● SOURCE DATA
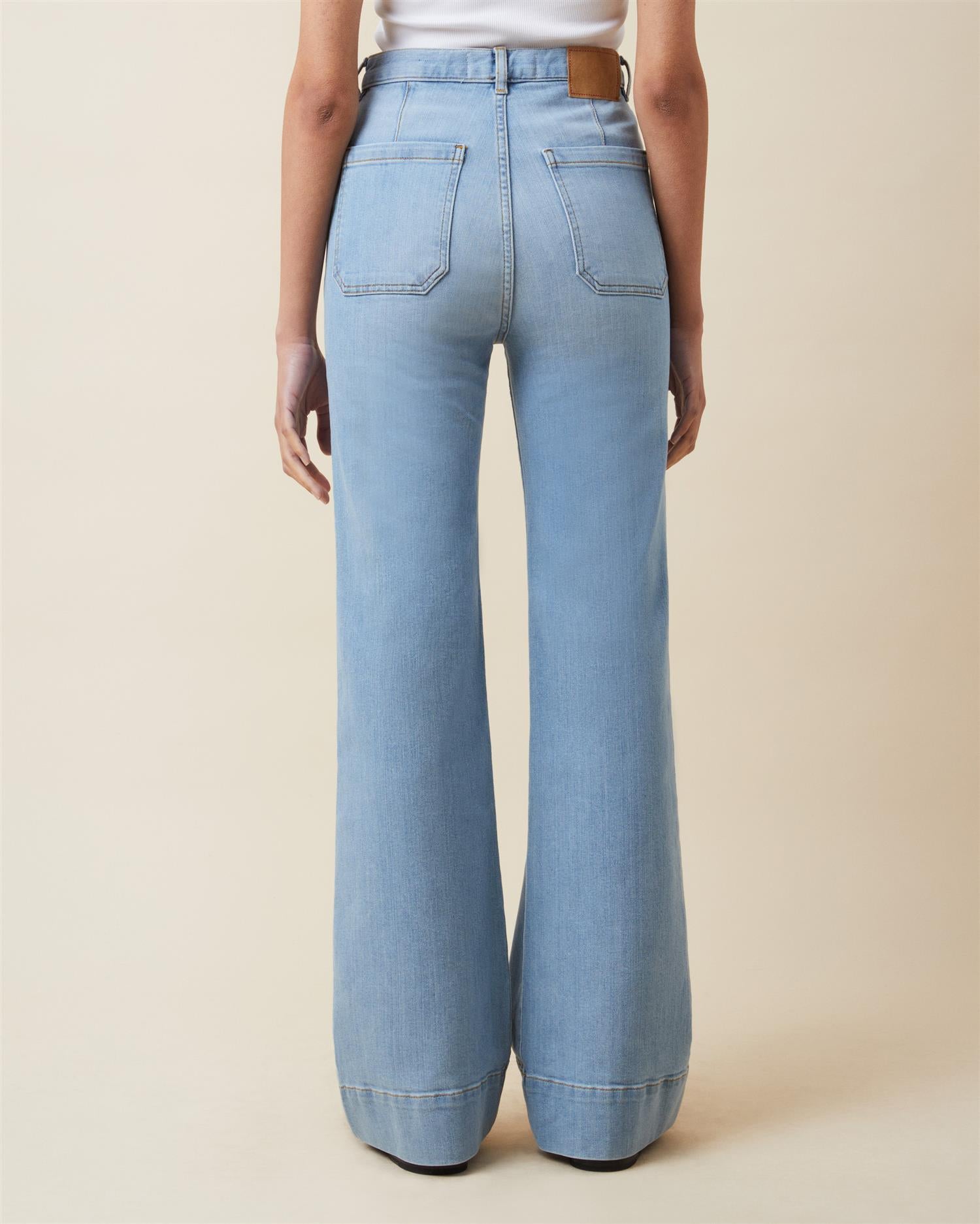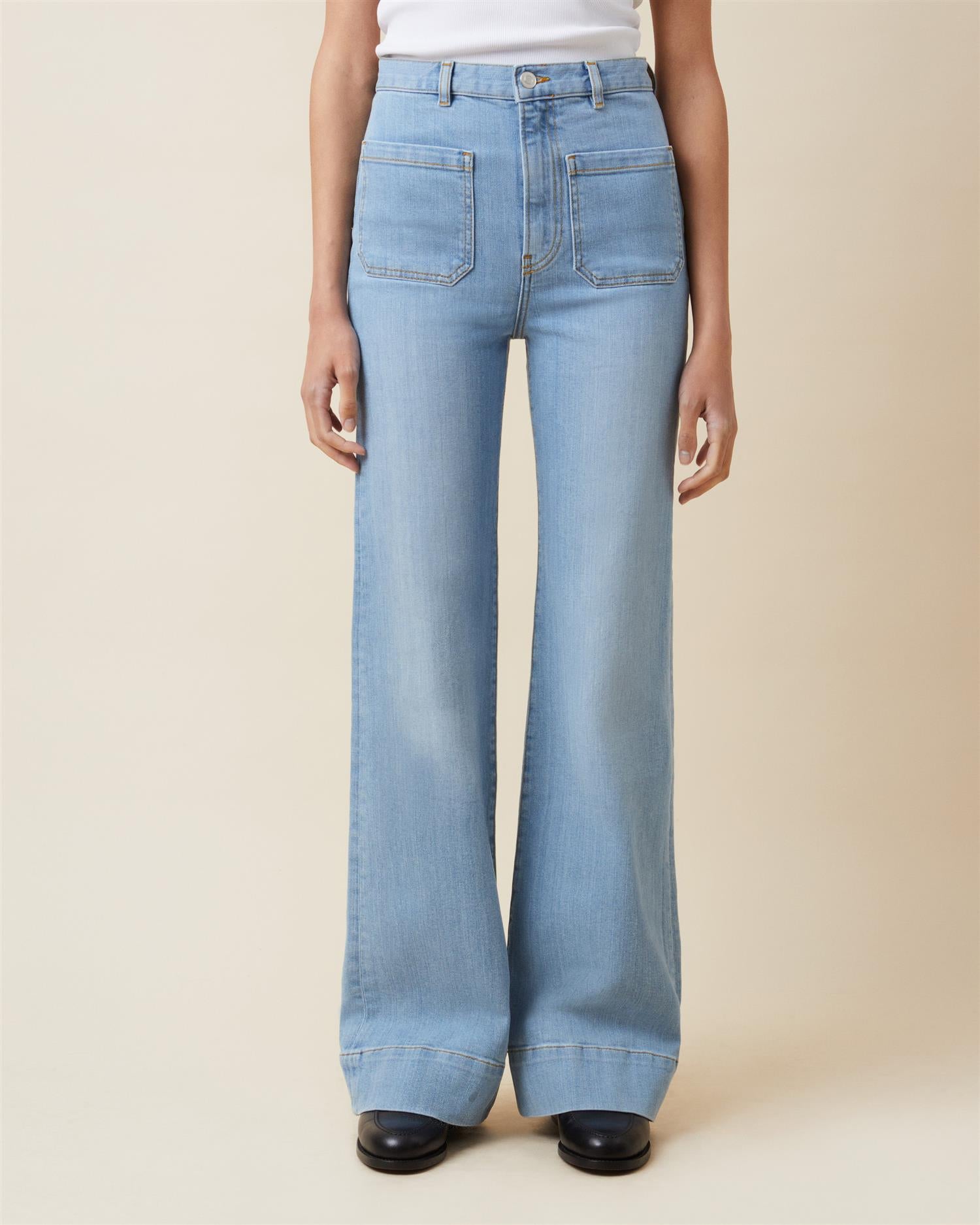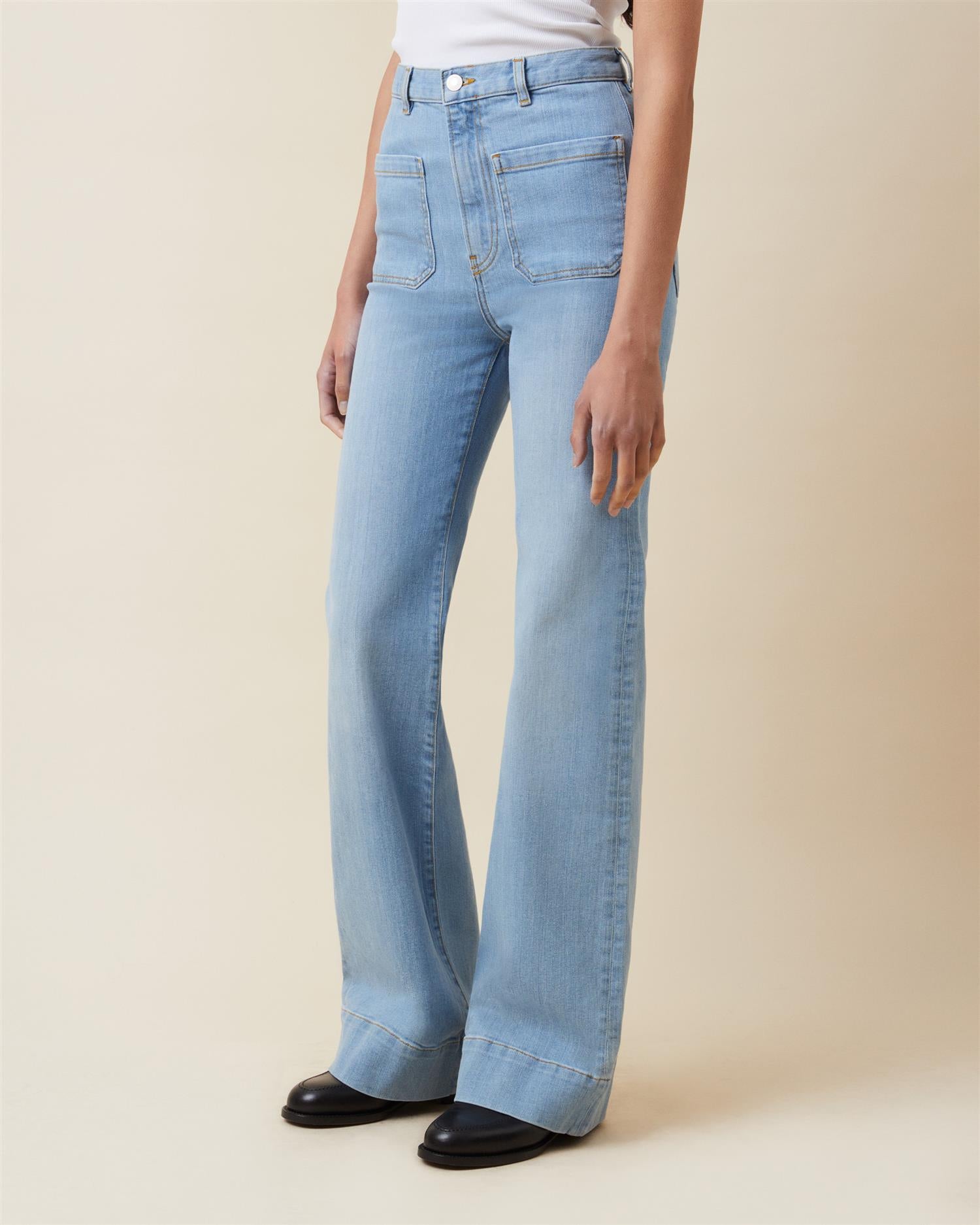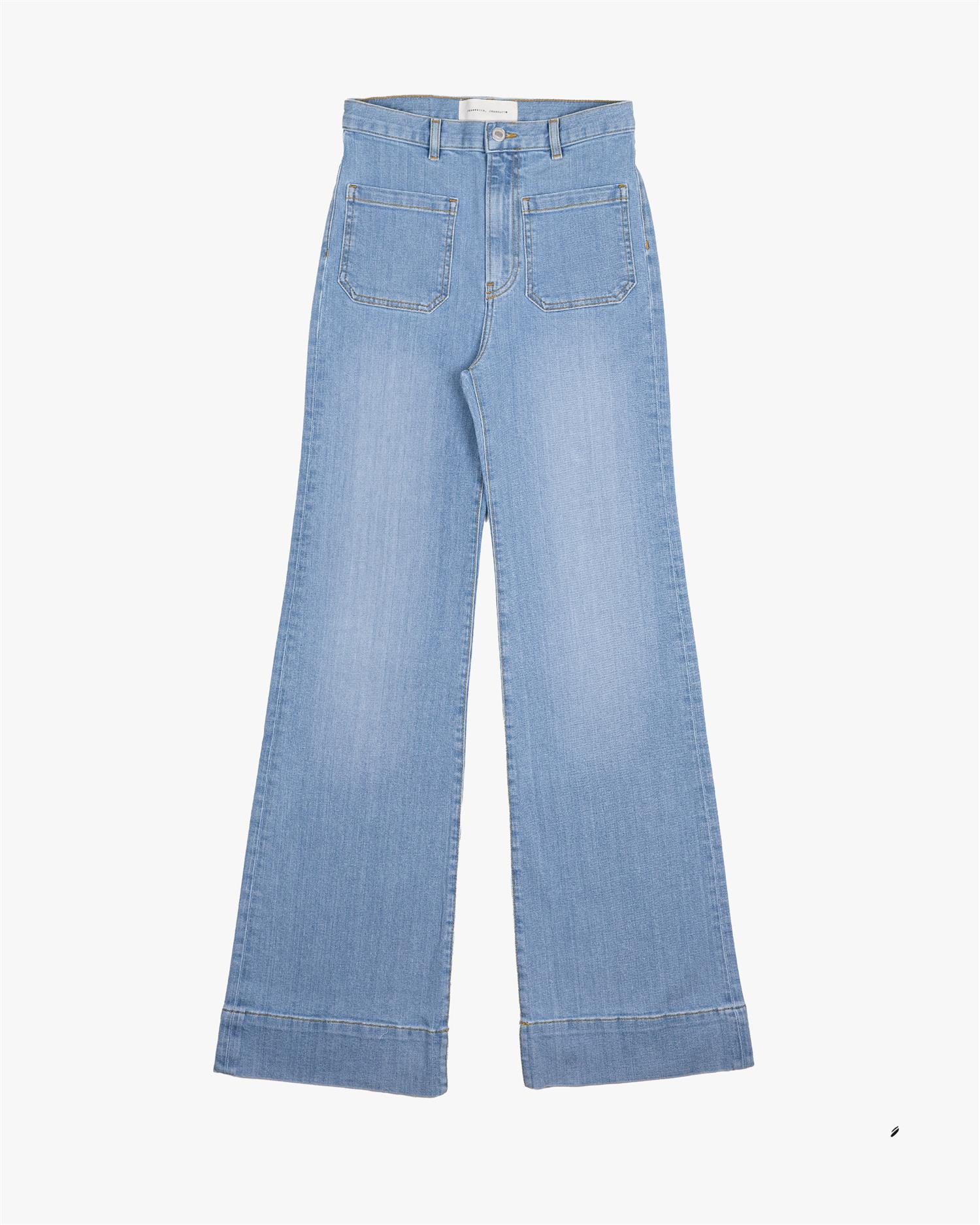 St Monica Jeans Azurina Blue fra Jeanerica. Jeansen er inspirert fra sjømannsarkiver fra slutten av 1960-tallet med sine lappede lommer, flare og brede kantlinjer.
==
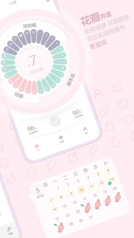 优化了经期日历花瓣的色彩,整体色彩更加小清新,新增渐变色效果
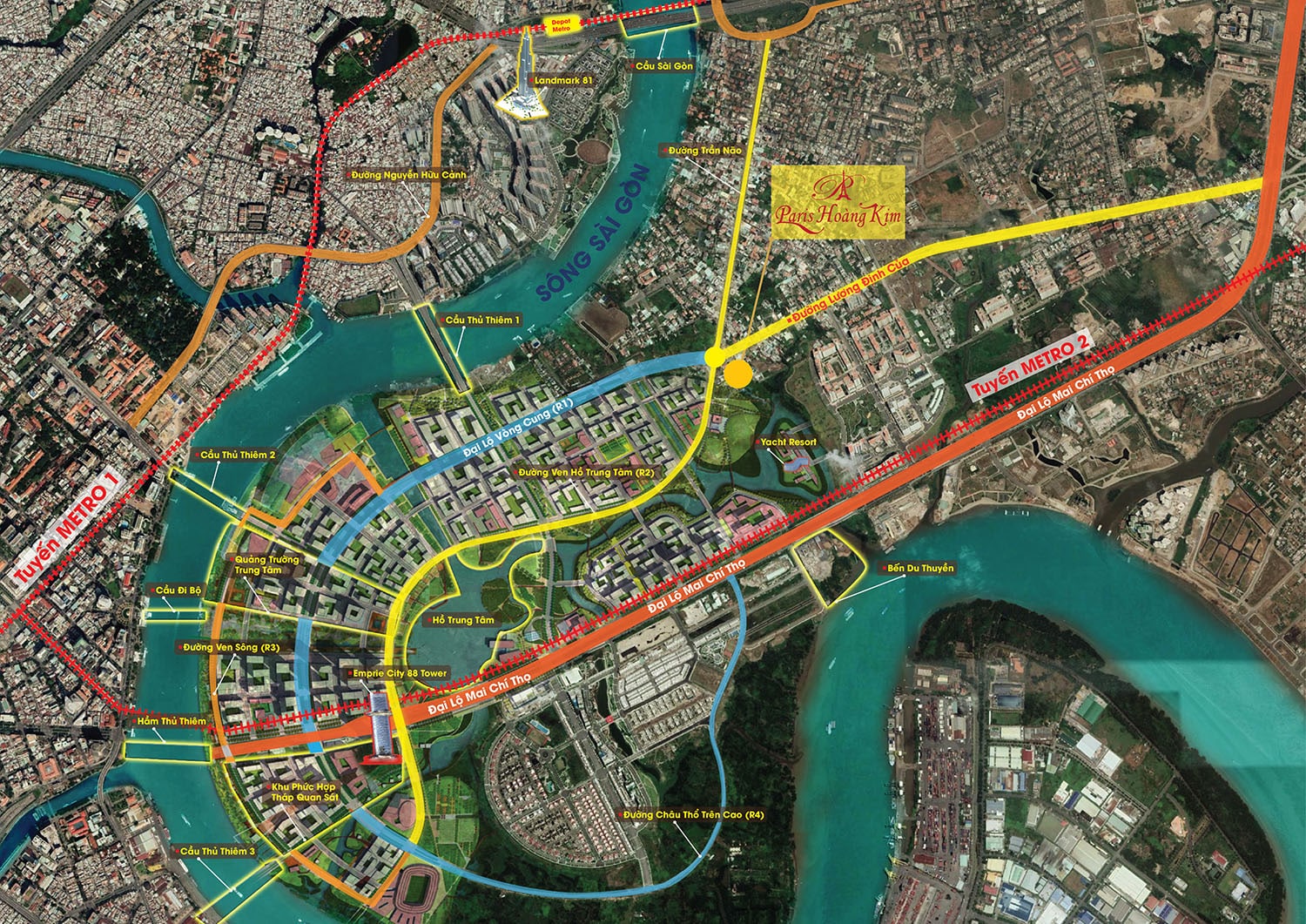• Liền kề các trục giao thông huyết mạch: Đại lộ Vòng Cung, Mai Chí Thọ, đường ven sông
...
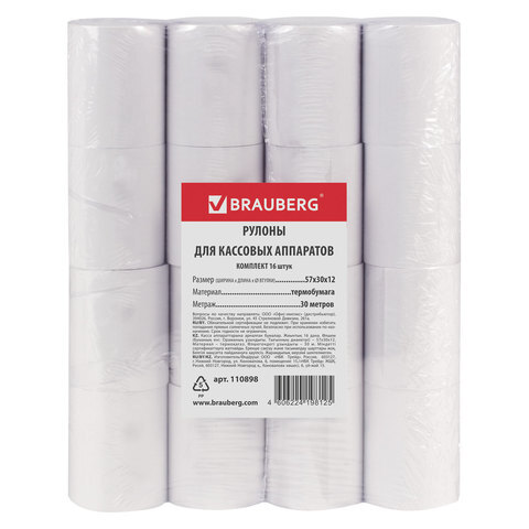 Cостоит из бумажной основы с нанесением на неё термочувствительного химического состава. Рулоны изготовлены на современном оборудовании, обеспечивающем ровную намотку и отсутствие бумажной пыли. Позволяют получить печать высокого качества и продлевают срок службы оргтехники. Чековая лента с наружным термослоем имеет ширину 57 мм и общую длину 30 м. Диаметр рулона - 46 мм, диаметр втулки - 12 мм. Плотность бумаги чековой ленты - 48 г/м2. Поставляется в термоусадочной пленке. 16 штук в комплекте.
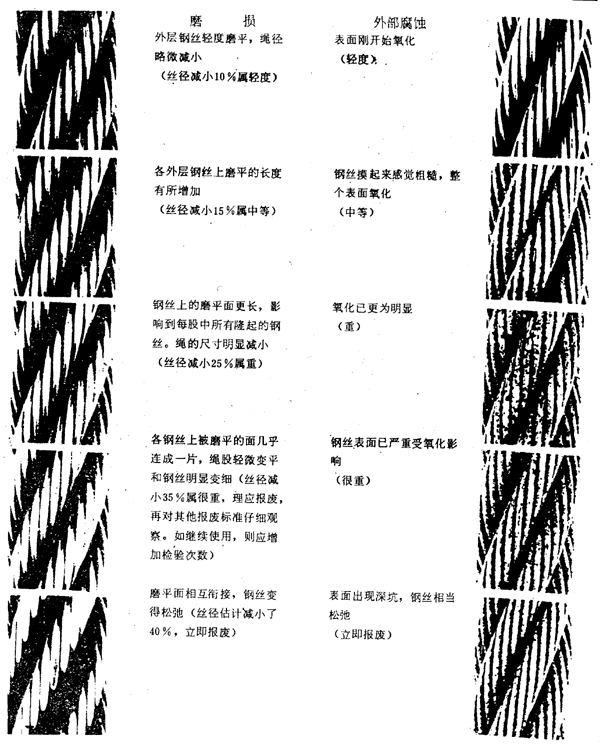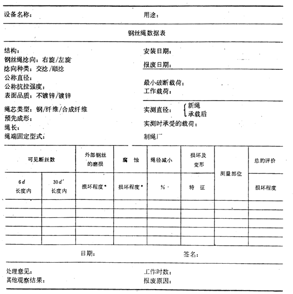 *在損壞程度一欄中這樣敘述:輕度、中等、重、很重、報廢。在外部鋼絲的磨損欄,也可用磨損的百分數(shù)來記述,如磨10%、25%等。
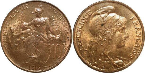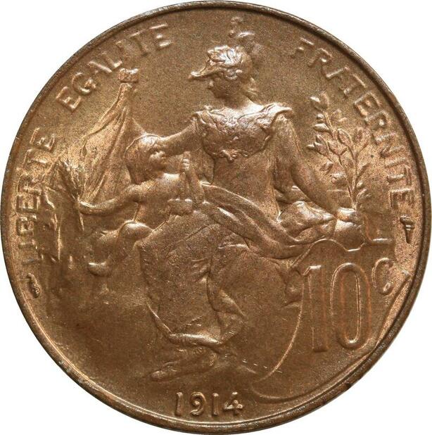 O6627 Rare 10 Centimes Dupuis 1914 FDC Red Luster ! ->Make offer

● WORK ITEM
In the data above, take the line with "Cостоит из бумажной", the line with "O6627 Rare 10", and every line between, and set them down exactly without pictures.

● RESULT BELOW
 Cостоит из бумажной основы с нанесением на неё термочувствительного химического состава. Рулоны изготовлены на современном оборудовании, обеспечивающем ровную намотку и отсутствие бумажной пыли. Позволяют получить печать высокого качества и продлевают срок службы оргтехники. Чековая лента с наружным термослоем имеет ширину 57 мм и общую длину 30 м. Диаметр рулона - 46 мм, диаметр втулки - 12 мм. Плотность бумаги чековой ленты - 48 г/м2. Поставляется в термоусадочной пленке. 16 штук в комплекте.
 *在損壞程度一欄中這樣敘述:輕度、中等、重、很重、報廢。在外部鋼絲的磨損欄,也可用磨損的百分數(shù)來記述,如磨10%、25%等。
 O6627 Rare 10 Centimes Dupuis 1914 FDC Red Luster ! ->Make offer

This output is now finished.